Among the cross-wise direct and interallelic genetic effects on the PDI, all six genetic effects were significant (P< 0.01) in Cross I (Table 3). The dominance genetic effect was 85% greater than the additive genetic effect, while among interaction effects, the additive × additive effect exceeded the dominance × dominance effect by 62%. In Cross II, both the additive and dominance genetic effects were significant (P< 0.01), with the dominance effect being 80% higher than the additive effect. Among the non-allelic interactions, the additive × dominance and dominance × dominance effects were significant (P< 0.01), as was the additive × additive effect (P< 0.05). The dominance × dominance effect exceeded the additive × additive effect by 82%. In Cross III, both the additive (P< 0.05) and dominance genetic effects were significant, wherein the magnitude of the dominance genetic effect was 93% higher than the additive genetic effect. Among the interaction effects, both the additive × additive (P< 0.01) and additive × dominance (P< 0.05) genetic effects were significant, while dominance × dominance was non-significant. The additive × additive effect was 81% higher than the additive × dominance genetic effect. In Cross IV, all six genetic effects were significant (P< 0.01). The dominance genetic effect was 83% higher than the additive effect, while the additive × additive interaction effect exceeded the dominance × dominance interaction effect by 63%. In Cross V, except for the additive genetic effect, all six types of genetic effect were significant (P< 0.05). The dominance × dominance genetic effect was 54% higher than the additive × additive genetic effect.

3.3.2 Days to anthesis

Days to anthesis showed a highly significant (P< 0.01) dominant effect over all the other genetic effects studied. In the case of Cross I for days to anthesis, the dominance genetic effect and dominance × dominance interaction effects were highly significant (P<0.01) although the additive × additive effect was significant at P< 0.05. The dominance × dominance effect exceeded the additive × dominance effect by 94%. The opposite directions of the dominance genetic effect and dominance × dominance interaction effects suggested the presence of duplicate epistasis. In Cross II, all direct genetic and interaction effects were observed to be significant at P< 0.01 and P< 0.05 levels, wherein the dominance × dominance effect was 69% higher than the additive × dominance effect. The contrasting signs of the dominant genetic and dominant × dominant interaction effects suggested the presence of duplicate epistasis. In Cross III, all the direct genetic and gene interaction effects were significant (P< 0.01 and P< 0.05) except for the dominance × dominance interaction effects. The dominance genetic effect was 52% higher than the additive genetic effects. In Cross IV, among the direct genetic effects, only the additive genetic effect was significant (P< 0.01). For the interaction effects, both the additive × additive and additive × dominance effects were highly significant (P< 0.01), with the additive × additive effect being 66% greater than the additive × dominance effect.
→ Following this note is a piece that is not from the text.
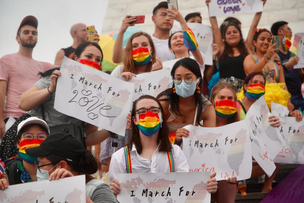 在COVID-19(武漢肺炎)疫情全球蔓延,各國紛紛取消大型活動下,台灣LGBT驕傲大遊行周日(28)在台北市登場,讓自由廣場充滿飄揚的彩虹旗,一起慶祝國際同志驕傲月。

In Cross V, all the direct genetic and interaction effects were significant (P< 0.01 and P< 0.05). The dominance × dominance effect was 86% higher than the additive × dominance effect. The contrasting sign of the dominant genetic effect and dominance × dominance interaction effects suggest the presence of duplicate epistasis.

3.3.3 Days to silking

The mean effect of days to silking was highly significant (P< 0.01) and higher than all the other genetic effects evaluated, including the interaction effects. In Cross I, among the direct genetic effects, only the dominance genetic effect was significant (P< 0.01). For the interaction effects, the dominance × dominance interaction was significant (P< 0.01) and was 99% higher than the additive × dominance interaction. The opposite signs of the dominance genetic effect and the dominance × dominance interaction indicated duplicate gene action. In Cross II, all the direct genetic and interaction effects were significant (P< 0.01 and P< 0.05). The additive genetic effect was 10% higher than the dominance genetic effect. Among the interaction effects, the dominance × dominance interaction was 68% greater than the additive × dominance interaction. The opposite signs of the dominance genetic effect and dominance × dominance interaction again indicated duplicate gene action. In Cross III, all the direct genetic and interaction effects were significant (P< 0.01). The dominance genetic effect exceeded the additive genetic effect by 70%. Among the interaction effects, the dominance × dominance interaction was 83% higher than the additive × dominance interaction. The contrasting values of the dominance genetic effect and dominance × dominance interaction suggested duplicate epistasis. In Cross IV, all direct genetic and interaction effects were significant (P< 0.01 and P< 0.05). The dominance genetic effect was 90% greater than the additive genetic effect, while the dominance × dominance interaction was 59% higher than the additive × dominance interaction. The opposing directions of the dominance genetic effect and dominance × dominance interaction again suggested duplicate epistasis. In Cross V, all direct the genetic and interaction effects were significant (P< 0.01). The dominance genetic effect was 96% higher than the additive genetic effect, and the dominance × dominance interaction was 74% higher than the additive × dominance interaction. The contrasting directions of the dominance genetic effect and dominance × dominance interaction indicated duplicate epistasis.

3.3.4 Days to maturity

The mean effect of days to maturity was highly significant (P< 0.01) and the dominance effect was higher than all other genetic effects, including the interactions. In Cross I, all the direct genetic effects and interactions were significant (P< 0.01). The dominance genetic effect was 22% higher than the additive genetic effect, while the dominance × dominance interaction was 87% greater than the additive × dominance interaction. All the interaction effects were significant (P< 0.01) in Cross II, but among the direct effects, only the additive genetic effect was significant (P< 0.01). The dominance × dominance interaction was 94% higher than the additive × dominance interaction. The contrasting directions of the dominance genetic effect and dominance × dominance interaction suggested duplicate epistasis. In Cross III, among the direct genetic effects, only the additive genetic effect was significant (P< 0.01). The dominance × dominance interaction was 62% greater than the additive × dominance interaction. In Cross IV, both the additive and dominance genetic effects were significant (P< 0.01) among the direct effects. The interaction effects, including additive × additive and additive × dominance, were also significant (P< 0.01). In Cross V, both the additive (P< 0.05) and dominance (P< 0.01) genetic effects were significant among the direct effects. All the interaction effects were significant (P< 0.01). The dominance × dominance interaction effect exceeded the additive × dominance interaction effect by 97%.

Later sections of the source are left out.